Finally, we tested whether DNP3 could specifically enhance phagocytosis of tumor cells (Supplementary Fig. 35). Human derived M1 macrophages were induced by THP-1 cells51 (Supplementary Fig. 36). The expression of CD80 was tested using flow cytometry to confirm the successful differentiation of M1 macrophages (Supplementary Fig. 37). We also characterized the expression of SIRPα on M1 macrophages as shown in Supplementary Fig. 38. The DNP3 mediated phagocytosis enhancement was verified by treating cancer cell/M1 macrophages mixture with Nb-S, cage-Nb, or DNP3. CEM, K562, Ramos and PMI-8826 cells were used as the model cancer cells. Cancer cells were stained with CellTrace™ Far Red dye and M1 macrophages were stained with CellTrace™ CFSE for optical differentiation. Therefore, macrophages that phagocytosed cancer cells will be stained by Far Red and exhibit enhanced fluorescence in Far Red channel. Cells were then collected for flow cytometry analysis to quantify phagocytosis by calculating the proportion of macrophages with enhanced fluorescence in Far Red channel in the total macrophages (Fig. 6c and Supplementary Fig. 39). As shown in Fig. 6d, CEM cells showed enhanced phagocytosis after DNP3 treatment while control cells showed no significant difference in phagocytosis with control groups. Confocal imaging further confirmed these results. As shown in Fig. 6e and Supplementary Fig. 40, DNP3-treated CEM cells resulted in enhanced phagocytosis by macrophages, with numerous Far red-stained cancer cell fragments localized inside of the CFSE-stained M1 macrophages. The significantly enhanced phagocytosis was verified by statistical analysis as shown in Fig. 6f. The time-depended macrophage-cancer cell interaction and phagocytosis were also recorded, indicating obvious phagocytosis caused by DNP3 treatment (Fig. 6g). These results indicated that the specificity and biosafety of CD47-SIRPα pathway as an immunotherapy target were significantly improved by DNP-based molecular computation.
Discussion
In this work, we reported a spatial segregation-based molecular computing platform termed DNA nano-phage to program nanobodies into DNA molecular computation. By developing a stoichiometric and site-specific DNA-Nb labeling strategy, we successfully encapsulated Nb into the shielded internal computing layer of DNP through hybridization. Benefit from the spatial segregation strategy, DNP can respond to multiple bio-inputs, execute multi-layer molecular computation, and release the encapsulated Nb-DNA complex with programmed order. The released Nb can block CD47/SIRP-α signaling between target cells and macrophages and eliminate “don’t eat me” signal to promote phagocytosis, therefore improving the specificity and biosafety of CD47 blockade and providing approaches for enhanced immune therapy. We expect that the rational design of DNPs will lead the development of other smart DNA nanodevices and expanded applications in multi-target recognition, controlled signal regulation, precision biomedicine and immunotherapy. Theoretically, other recognition molecules such as small molecular ligands, peptides, antibodies, aptamers, as well as reactive molecules with covalent groups (e.g., maleimide and succinimide) or hydrophobic groups (e.g., cholesterol) can also be involved into molecular computation using such a strategy to eliminate off-target effect.

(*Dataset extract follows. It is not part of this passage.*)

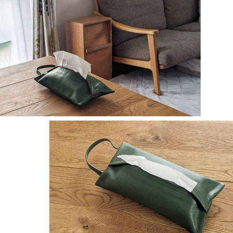くたっとした柔らかな質感が 特徴のノヴァレザー。 革の自然な表情を残し、 ナチュラルな風合いで仕上げました。 長く愛用したくなる味わいのある革です。 日常シーンに温もりと上質さをプラス 本革ならではの柔らかいフォルムで インテリアに自然と溶け込みます。 ループが付いているので様々な場所に 吊るしてお使いいただけます。 洗面台の横にかけてペーパータオルの 収納ケースにしたり、 車のヘッドレストに付ければ デッドスペースを有効活用できます。

Based on DNP, we further established a series of kinetic models to reveal the molecular mechanism and predict the computing performance of microenvironment-confined DNA molecular computation. We explored the rapid diffusion behavior of DNA molecules in the cellular microenvironment and proposed a “diffusion trap” theory to explain the kinetics of microenvironment-confined DNA computation. Through kinetic analysis, we improved the computing efficiency by optimizing the rate-limiting step and demonstrated that microenvironment-confined DNA computation has intrinsic merit in discriminating trace amount of target cells in complexed cell mixtures. These kinetic models quantitatively describe the complex and cascading dynamic behavior of DNA molecules in non-uniform environments, therefore successfully elucidate the molecular mechanism of microenvironment-confined DNA computation. We believe that the principle we used in model construction can be applied to various types of microenvironment-confined systems and can provide insights for optimizing the performance of DNA computing.
Methods
The study was approved by the Ethics Committee at Renji Hospital, School of Medicine, Shanghai Jiao Tong University (protocol number: KY2024-070-C). All methods were performed in accordance with these approved guidelines.
Materials and apparatus
All DNA Sequences shown in Supplementary Table S4 were synthesized, modified and purified by Sangon Biotech Co. Inc. (Shanghai, China). Unless otherwise specified, reagents were purchased from Sinopharm Chemical Reagent Company, Ltd. (Shanghai, China). Ultrapure water was obtained from a Milli-Q system (Billerica, PA, USA). The fluorescence spectra were determined by FS5 Spectrofluorometer Fluorescence Spectrophotometer (Edinburgh Instrument, UK). The AFM characterizations were carried out on a Bruker Multimode V8 Scanning Probe Microscope (Bruker, Bremen, Germany). Flow cytometry analysis was performed by a CytoFLEX flow cytometer (Beckman Counter, Inc., USA).
Synthesis of Nb-S complex
The amino acid sequence of CD47 Nb is (patent number: CN115737845A):
MHHHHHHGVKLVESGGGLVQPGGSLTLSCVASGFDFNSAHMRWYRQGPGKEREMVASISTTGGVTIYEDSVKGRFTISRDNADNTAYLRMNSLKPEDTAVYYCRAYGFGIDYWGQGTQVTVSSGGGGSGGGGSLLQS.
To prepare Nb-DNA complex Nb-S, we here developed an efficient and indirect Nb labeling strategy to achieve accurate 1:1 and site-specific DNA modification by using the bifunctional molecule NH2-PEG-N3 as the linker. First, the CD47 Nb was mixed with NH2-PEG-N3 at a ratio of 1:50 in PBS buffer, and then glutamine transaminase was added to react at 37 °C and shake at 1000 rpm for 16 h. Excessive NH2-PEG-N3 was removed using His-Ni column, and the recovered intermediate product Nb-PEG-N3 was concentrated for subsequent crosslinking reaction. The concentrated Nb-PEG-N3 was mixed with DBCO-S strand in the ratio of 1 : 3 and the mixture were slight shaken at 1000 rpm at 37 °C for 5 h. The cross-linked product Nb-S was purified by Fast Protein Separation Chromatography (FPLC) and verified with SDS-PAGE and 10% native polyacrylamide gel electrophoresis (native-PAGE).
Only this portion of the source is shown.